Changsha High-Tech Industrial Development Zone (长沙高新技术产业开发区; abbr: CSHTZ) is a national high-tech industrial zone in Changsha City, Hunan Province, China. It is the original Changsha Technology Development Experimental Zone (长沙科技开发试验区) founded in July, 1988. It was renamed to the present name, meanwhile the zone was upgraded to one of first batch of national HTZs. In March 1991, and became a national innovative technology pilot zone approved by the Ministry of Science & Technology in 2009. Its core area is situated in the west of Changsha on the west shore of the Xiang River, and the north side of Yuelu Mountain Scenic Area.

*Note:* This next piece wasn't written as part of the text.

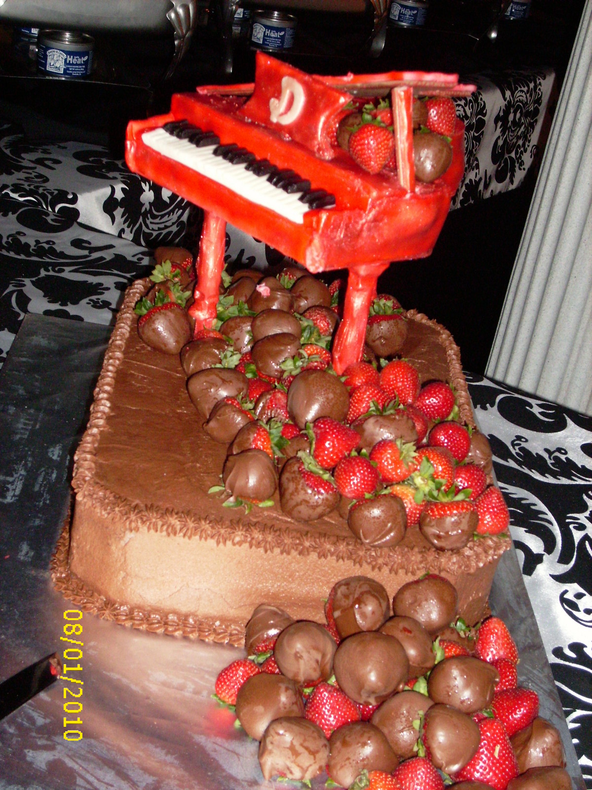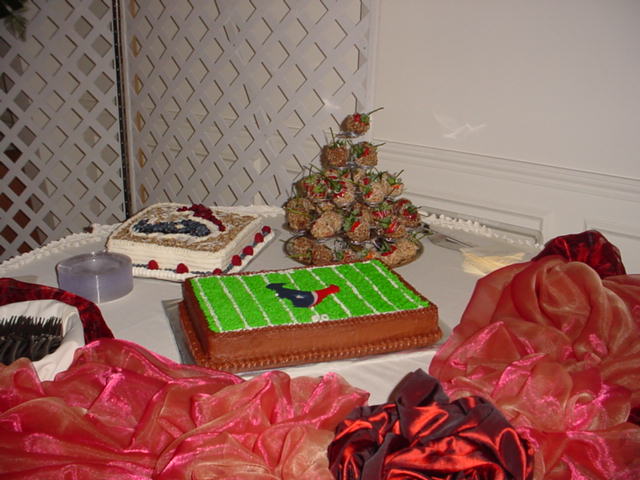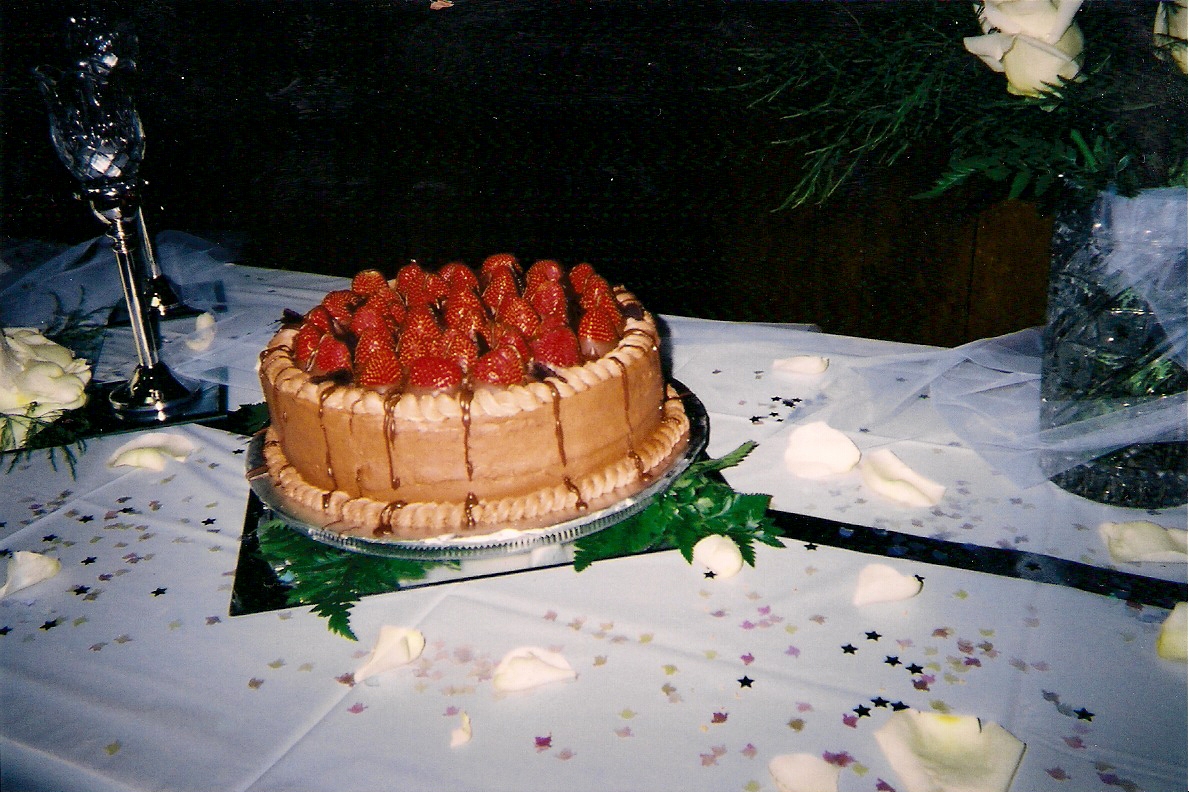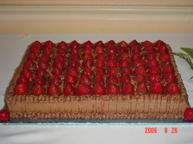 You will see that we refer to Happy's Signature Cake in several of the picture descriptions. What that means is that this is the cake that is requested of her the most. It is her own special blend of Devil's Food Cake with Chocolate Fudge Icing. It is trimmed in cut strawberries dipped in chocolate. Happy also adds ground pecans, chocolate shavings and drizzled chocolate. Yes it is a beautiful and delicious cake. This cake can be used for any number of occasions.

In 2016, the total planned area of CSHTZ is 140 km2. The CSHTZ consists of Yuelu Mountain Hi-Tech Park (岳麓山高科技园), Xingsha Industrial Hi-Tech Park (星沙工业高科技园), Longping High-Tech Park (隆平高科技园), Broad Hi-Tech Park (远大高科技园) and City Proper Policy District (市内政策区), of which the Yuelu Mountain Hi-Tech Park is its core industrial park directly managed by CSHTZ. Yuelu Mountain Hi-Tech Park is also called "Luvalley". The controlled overall plan area of Luvalley is 80 km2 and up to now 15 km2 are of development scale.

The pillar industries in CSHTZ are service outsourcing, environmental protection, new materials, new energy, biomedicine, electronic information and advanced manufacturing. As of 2015, the total business income of enterprises in the zone reaches 425.1 billion yuan (US$68.25 billion), the gross output value of industry is 379.2 billion yuan (US$60.88 billion). of which the total business income in Luvalley is 250 billion yuan (US$40.14 billion), its added value of scale-sized industries is 36.78 billion yuan (US$5.91 billion).